A dirty little secret you can invoke to keep you sane is that there are so many confusing words that everyone is part of the "confused masses" for at least a few of them. Many times I've corrected a stickler who actually had something wrong, and I've heard a literate, well-educated person say, "What do you know? I never knew that!" in response to one of my tips. I've also made mistakes myself — for example, I grew up saying snuck instead of sneaked and didn't know it was controversial until someone corrected me and I looked it up myself. So don't be ashamed if you get confused. The only reason to be ashamed is if you are too lazy to find out what is right once you suspect you might be wrong.

In this book, I've highlighted 101 troublesome words that people often confuse, and I've tried to give you fun and easy ways to remember what they mean. Since they're usually problematic word pairs, you're actually getting tips for almost 200 words.

Quite a bonus for a book titled 101 Words ... eh?


A Versus An

Sadly, a lot of people were taught the wrong rule for using the articles a and an. It's the sound of the next word that determines the word choice, not the first letter.

If the next word starts with a vowel sound, use an. If the next word starts with a consonant sound, use a. That means a word starting with u or o, for example, can require a or an depending on the pronunciation: a unicorn, an uncle, a onetime deal, an owner.

Quick and Dirty Tip: To remember that words starting with certain letters can go either way, set the image in your mind of a man playing a ukulele under an umbrella — an image that uses two u-words that require different articles.


Adieu Versus Ado

Every time I use the word ado in a Scrabble game with my husband, he insists it's not a word. He is wrong, but he's not alone. People often incorrectly write without further adieu instead of the proper phrase without further ado.

Adieu is a French word meaning farewell. It's just another way to say good-bye — like adios or ciao. To mean good-bye is how Julie Andrews used adieu in the song "So Long, Farewell" in The Sound of Music.
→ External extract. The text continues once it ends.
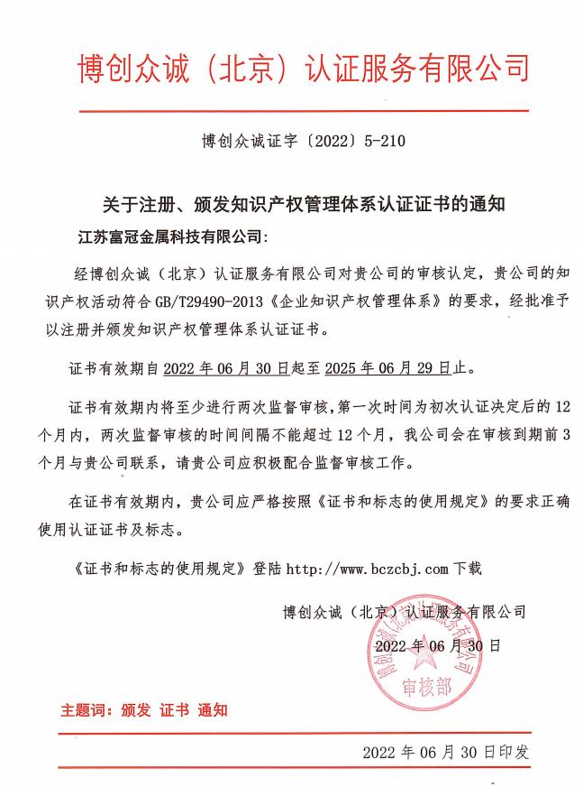 知識產(chǎn)權(quán)管理體系認證證書
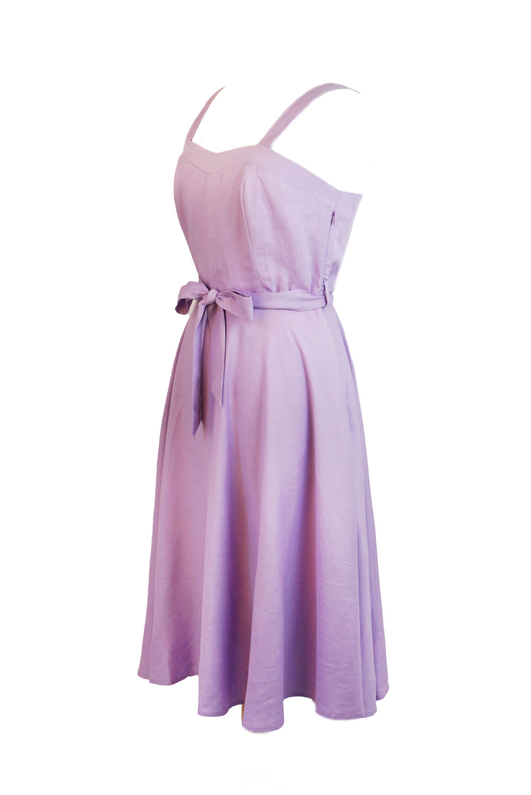 This charming Miss Lavender Dress is crafted from a breezy blend of 70% viscose and 30% linen, perfect for warm days. It features handy pockets, a flirty sweetheart neckline, and adjustable straps for a custom fit. The flared silhouette and removable sash add a playful touch, while the concealed YKK zipper keeps things sleek. Easy to care for—just machine wash in cold water and hang to dry!

An ado, on the other hand, is a hubbub, bustle, flurry, or fuss. You may remember the word ado from the title of Shakespeare's comedy Much Ado About Nothing, in which a big fuss (an ado) is made about an affair that didn't happen.

In some instances, it is understandable that people could mistakenly believe the meaning of adieu makes sense in without further adieu. For example, if dinner guests want to leave without further excessive farewells, it may seem logical to say something such as "Without further adieu, we're off to the movies."

Logical, but incorrect. If that is your sentiment, you need to use the plural: adieus.